Pregnant women are delivering bombs. You talk to me about international
law, the laws of
nature don't even apply here. I've been a
soldier for thirty-eight years, and I've found an enemy I can kill."
Admiral Percy FitzWallace, "We Killed Yamamoto,"
The West Wing (2002).
Washington DC, December 8, 1941 (AP): Today, in the wake of the attack on Pearl Harbor, President Franklin Roosevelt addressed Congress. "December 7th, 1941, a date which will live in infamy." He went on to tell the assembled representatives, and the world, that the United States would respond quickly and decisively. "I have directed my attorney general to, with all due haste, investigate this heinous act and bring to justice the perpetrators. At this moment, officers of the Federal Bureau of Investigation are with a District Court judge, obtaining an arrest warrant for Isoroku Yamamoto and his staff.

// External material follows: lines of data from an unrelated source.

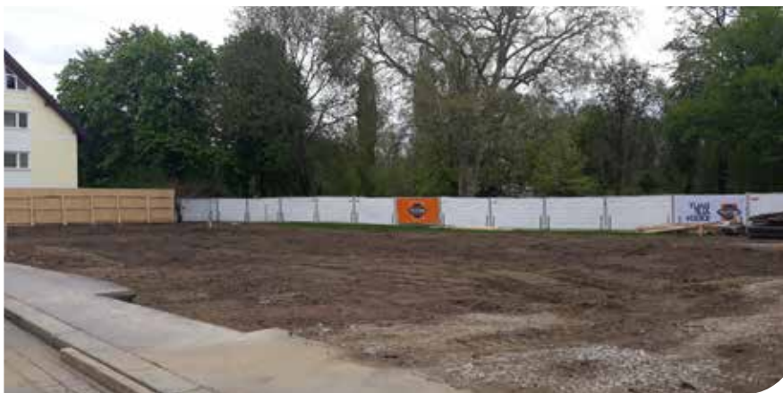
Mai 2021 "Und die Erde war wüst und leer..." - doch das sollte sich rasch ändern.
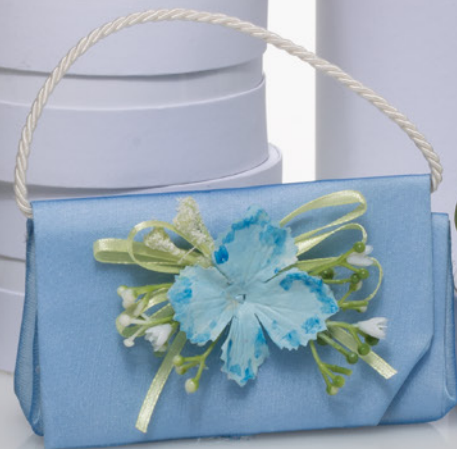
AV23-GA830/1 11x7 cm
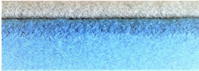
Detalle encuentro de los paneles.
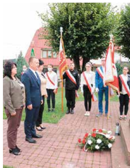
Obchody rocznicy agresji Rosji na Polskę
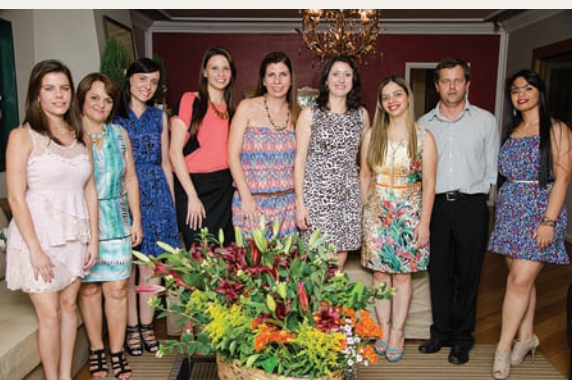
Equipe Ciesp Sorocaba
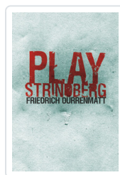
PLAY STRINDBERG DURRENMATT, FRIEDRICH
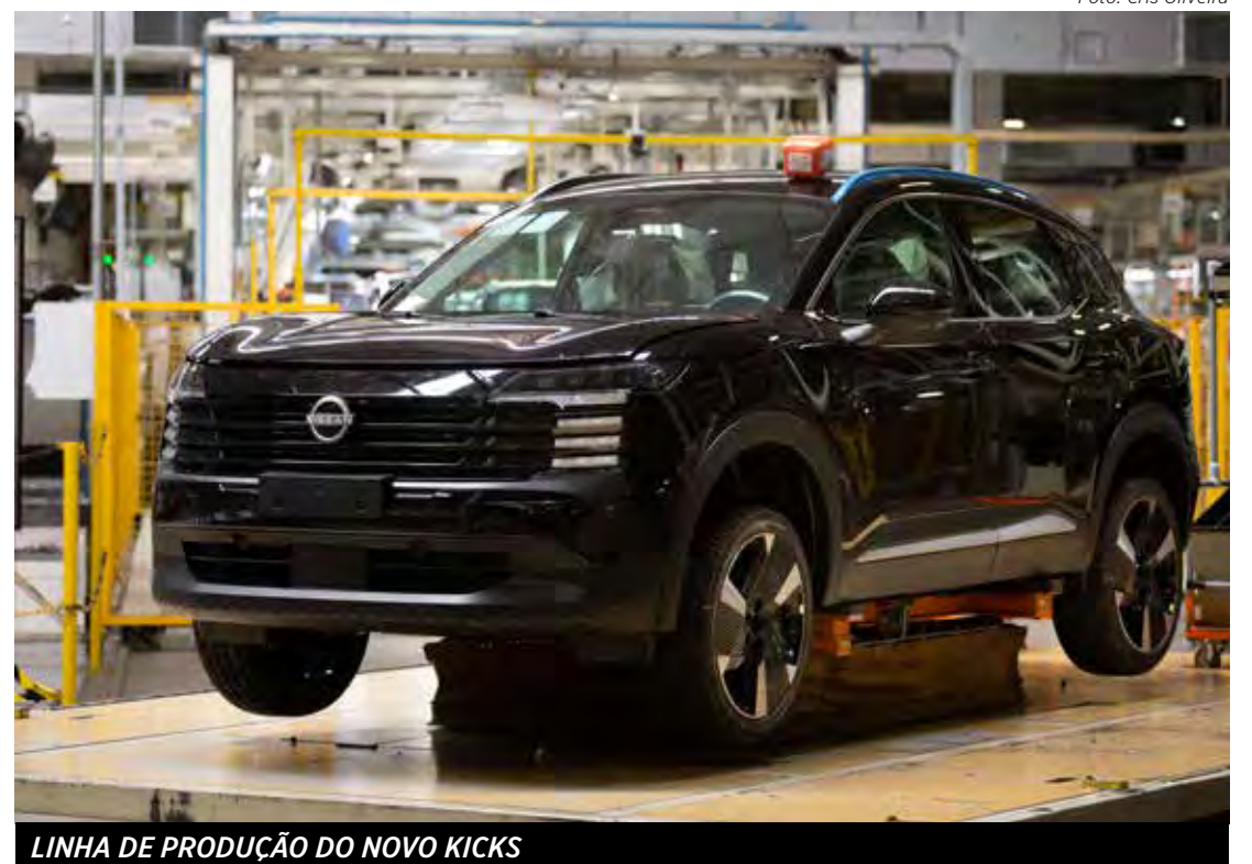
LINHA DE PRODUÇÃO DO NOVO KICKS

A Nissan também considera introduzir sua tecnologia e-Power no Brasil, que gera eletricidade a partir da gasolina, possivelmente adaptada para etanol, visando descarbonização e benefícios fiscais.

This foul and despicable deed shall not go unpunished. We have also targeted for assassination the Japanese Emperor, and key members of his government."
Over the past decade, America has been cautioned about its response to "terror." We have heard that the men and women perpetrating these acts are unaffiliated, ragtag extremists unrelated to any modern belief system, or nation/state. We will target individuals, lead from behind... Getting upset about an American couple blown up in a European airport is disproportionate.
Next year, the ILA conference my wife attends every fall will be he held in Brussels. If that was the love of
your life, how would you feel? What does it say about our civilization that a barbaric, medieval system occupies territory and wages war against us, and our response is to arrest the perpetrators of individual acts?
Many years ago, in a letter to my grandmother and grandfather, my dad expressed a hope shared by most members of our armed forces - that his endeavors in the Pacific would not be in vain. That the risk to his life was so that others could live free lives in peace. I would venture to say that our contemporary military feels much the same.
Is it peacetime, or wartime? What do you think?